DIRECTIONS FOR THIS TASK:
After finding "シュリンクの型押しレザーが高" in the material below, output its line and every line after it through the last, exactly, but not the pictures.

GIVEN MATERIAL:
────
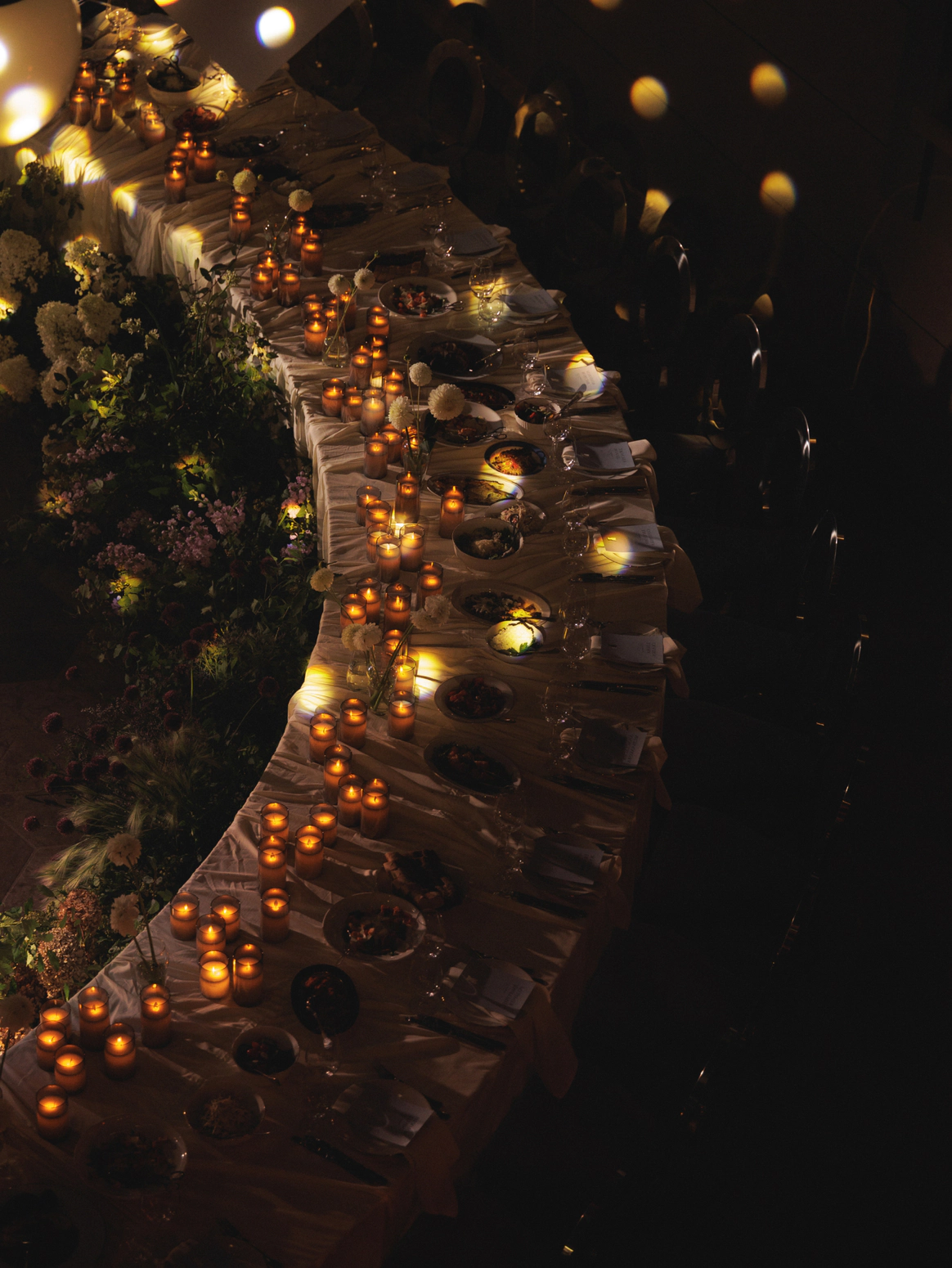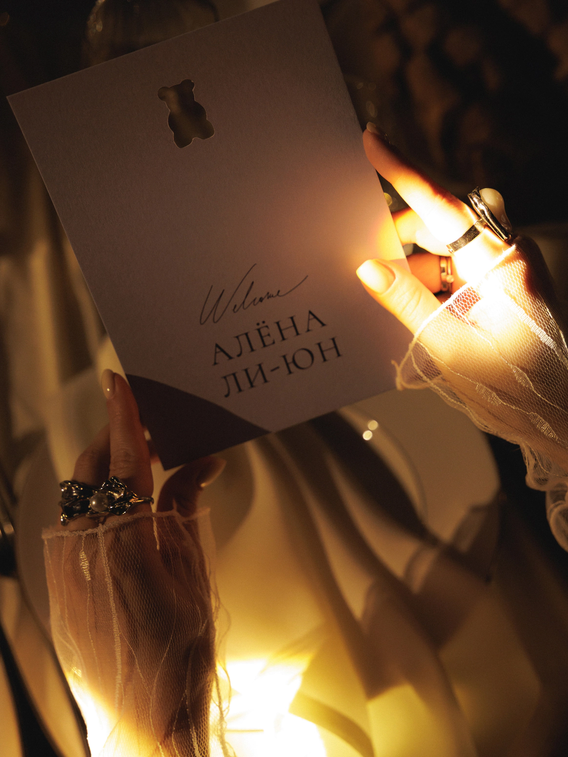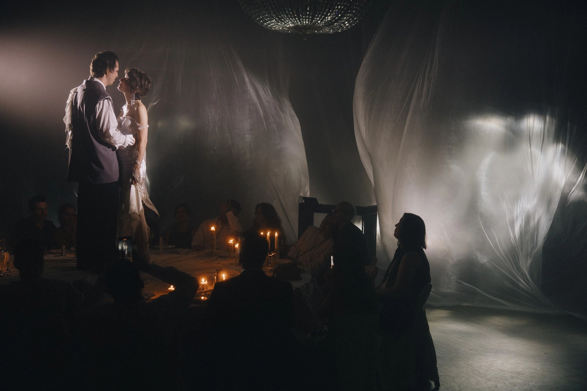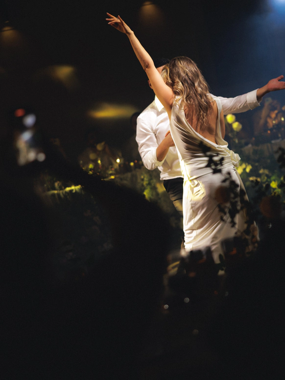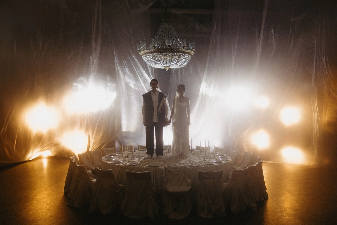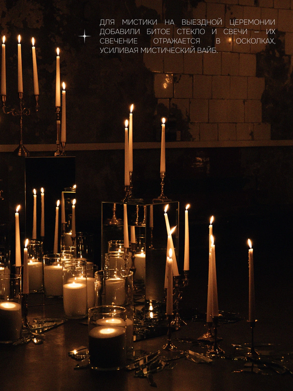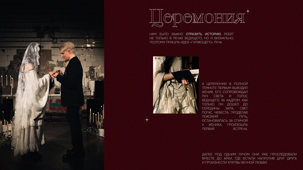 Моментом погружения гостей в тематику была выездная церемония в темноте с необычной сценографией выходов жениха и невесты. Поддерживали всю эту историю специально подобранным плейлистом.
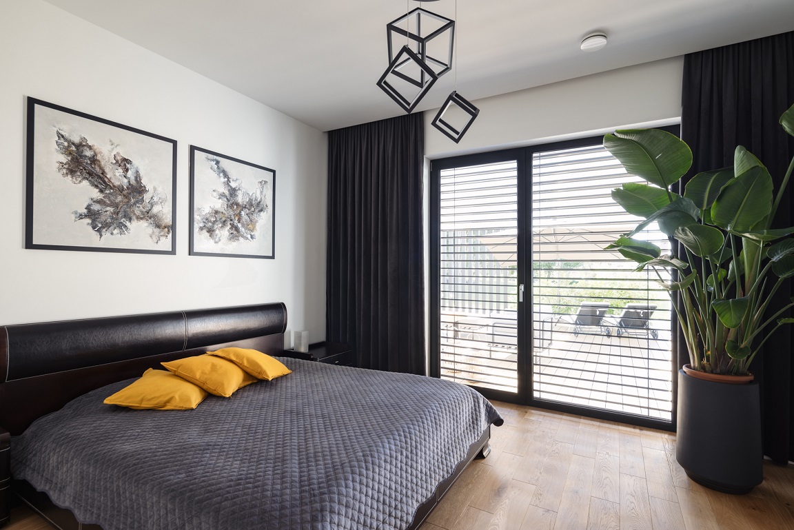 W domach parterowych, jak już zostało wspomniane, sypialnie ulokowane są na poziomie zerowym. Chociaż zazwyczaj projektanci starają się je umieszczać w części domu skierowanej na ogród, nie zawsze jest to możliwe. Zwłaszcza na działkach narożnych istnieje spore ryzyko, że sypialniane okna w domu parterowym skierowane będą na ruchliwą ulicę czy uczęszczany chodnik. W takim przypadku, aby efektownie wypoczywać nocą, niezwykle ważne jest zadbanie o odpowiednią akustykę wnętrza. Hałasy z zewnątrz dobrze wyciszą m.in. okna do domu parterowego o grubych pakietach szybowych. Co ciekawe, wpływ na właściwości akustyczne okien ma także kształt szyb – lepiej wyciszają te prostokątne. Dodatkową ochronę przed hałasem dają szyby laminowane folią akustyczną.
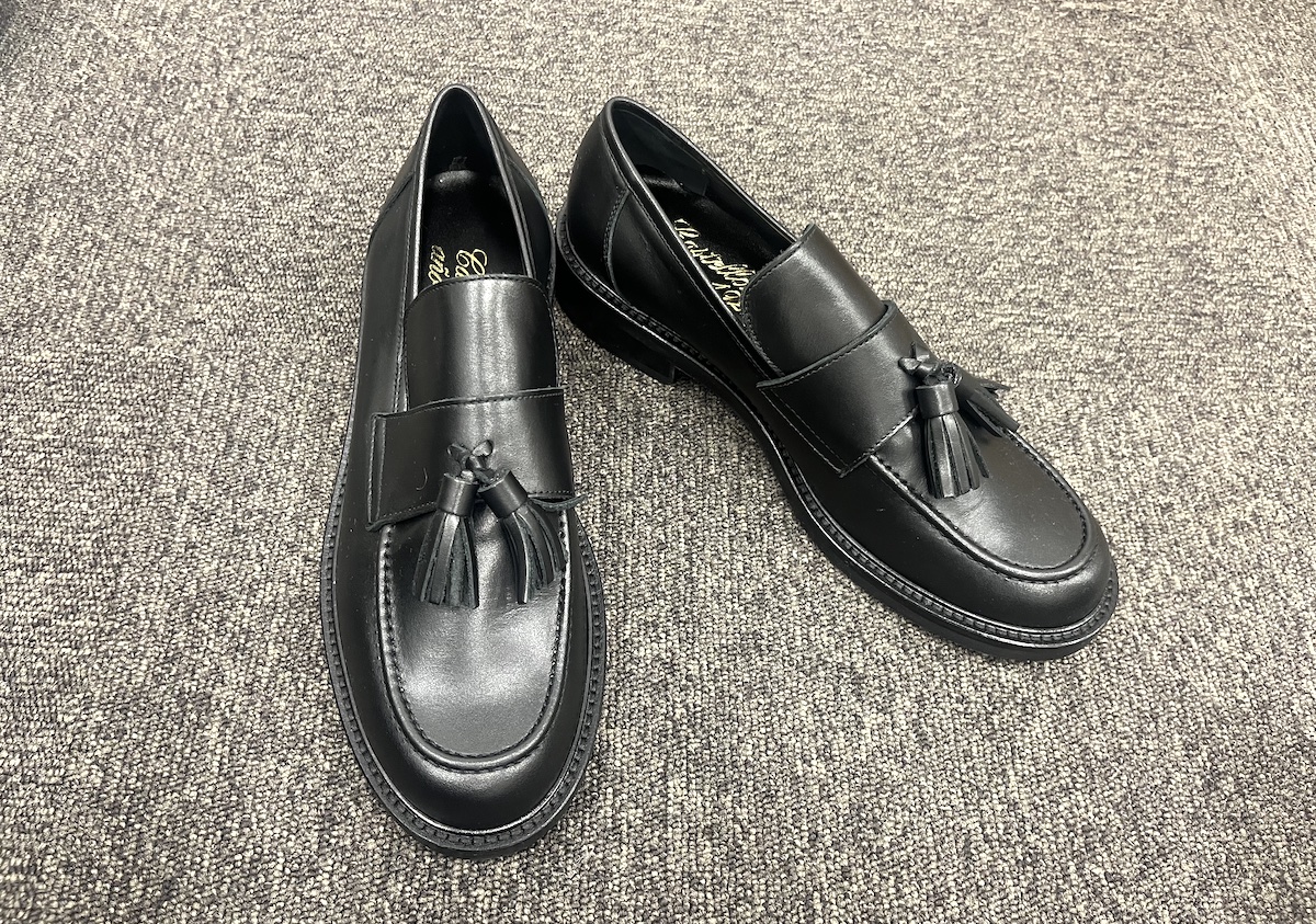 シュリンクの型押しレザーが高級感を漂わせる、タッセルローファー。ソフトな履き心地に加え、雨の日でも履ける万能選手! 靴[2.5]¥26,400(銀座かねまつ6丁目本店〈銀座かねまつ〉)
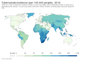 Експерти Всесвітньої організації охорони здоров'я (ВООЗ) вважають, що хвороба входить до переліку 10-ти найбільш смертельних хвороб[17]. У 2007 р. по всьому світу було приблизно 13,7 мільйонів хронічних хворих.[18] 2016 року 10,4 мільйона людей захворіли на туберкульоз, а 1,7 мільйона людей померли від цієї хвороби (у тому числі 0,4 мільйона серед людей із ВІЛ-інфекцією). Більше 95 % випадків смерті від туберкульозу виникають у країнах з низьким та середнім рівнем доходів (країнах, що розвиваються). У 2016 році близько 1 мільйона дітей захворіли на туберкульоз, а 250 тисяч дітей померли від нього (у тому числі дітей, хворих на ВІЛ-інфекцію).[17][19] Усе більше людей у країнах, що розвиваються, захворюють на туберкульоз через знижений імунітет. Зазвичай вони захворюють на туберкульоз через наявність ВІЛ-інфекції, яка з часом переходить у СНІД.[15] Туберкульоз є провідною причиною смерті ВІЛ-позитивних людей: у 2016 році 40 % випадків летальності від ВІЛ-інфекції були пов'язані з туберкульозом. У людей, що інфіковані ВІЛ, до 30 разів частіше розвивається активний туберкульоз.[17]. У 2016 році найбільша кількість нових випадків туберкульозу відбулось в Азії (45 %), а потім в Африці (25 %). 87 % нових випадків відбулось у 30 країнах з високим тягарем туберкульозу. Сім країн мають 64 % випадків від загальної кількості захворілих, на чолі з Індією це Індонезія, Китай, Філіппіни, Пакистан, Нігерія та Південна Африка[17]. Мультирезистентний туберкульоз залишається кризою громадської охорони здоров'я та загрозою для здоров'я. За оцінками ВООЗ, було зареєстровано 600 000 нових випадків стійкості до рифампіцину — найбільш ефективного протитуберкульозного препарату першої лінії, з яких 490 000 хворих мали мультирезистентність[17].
────
ANSWER SPACE:
 シュリンクの型押しレザーが高級感を漂わせる、タッセルローファー。ソフトな履き心地に加え、雨の日でも履ける万能選手! 靴[2.5]¥26,400(銀座かねまつ6丁目本店〈銀座かねまつ〉)
 Експерти Всесвітньої організації охорони здоров'я (ВООЗ) вважають, що хвороба входить до переліку 10-ти найбільш смертельних хвороб[17]. У 2007 р. по всьому світу було приблизно 13,7 мільйонів хронічних хворих.[18] 2016 року 10,4 мільйона людей захворіли на туберкульоз, а 1,7 мільйона людей померли від цієї хвороби (у тому числі 0,4 мільйона серед людей із ВІЛ-інфекцією). Більше 95 % випадків смерті від туберкульозу виникають у країнах з низьким та середнім рівнем доходів (країнах, що розвиваються). У 2016 році близько 1 мільйона дітей захворіли на туберкульоз, а 250 тисяч дітей померли від нього (у тому числі дітей, хворих на ВІЛ-інфекцію).[17][19] Усе більше людей у країнах, що розвиваються, захворюють на туберкульоз через знижений імунітет. Зазвичай вони захворюють на туберкульоз через наявність ВІЛ-інфекції, яка з часом переходить у СНІД.[15] Туберкульоз є провідною причиною смерті ВІЛ-позитивних людей: у 2016 році 40 % випадків летальності від ВІЛ-інфекції були пов'язані з туберкульозом. У людей, що інфіковані ВІЛ, до 30 разів частіше розвивається активний туберкульоз.[17]. У 2016 році найбільша кількість нових випадків туберкульозу відбулось в Азії (45 %), а потім в Африці (25 %). 87 % нових випадків відбулось у 30 країнах з високим тягарем туберкульозу. Сім країн мають 64 % випадків від загальної кількості захворілих, на чолі з Індією це Індонезія, Китай, Філіппіни, Пакистан, Нігерія та Південна Африка[17]. Мультирезистентний туберкульоз залишається кризою громадської охорони здоров'я та загрозою для здоров'я. За оцінками ВООЗ, було зареєстровано 600 000 нових випадків стійкості до рифампіцину — найбільш ефективного протитуберкульозного препарату першої лінії, з яких 490 000 хворих мали мультирезистентність[17].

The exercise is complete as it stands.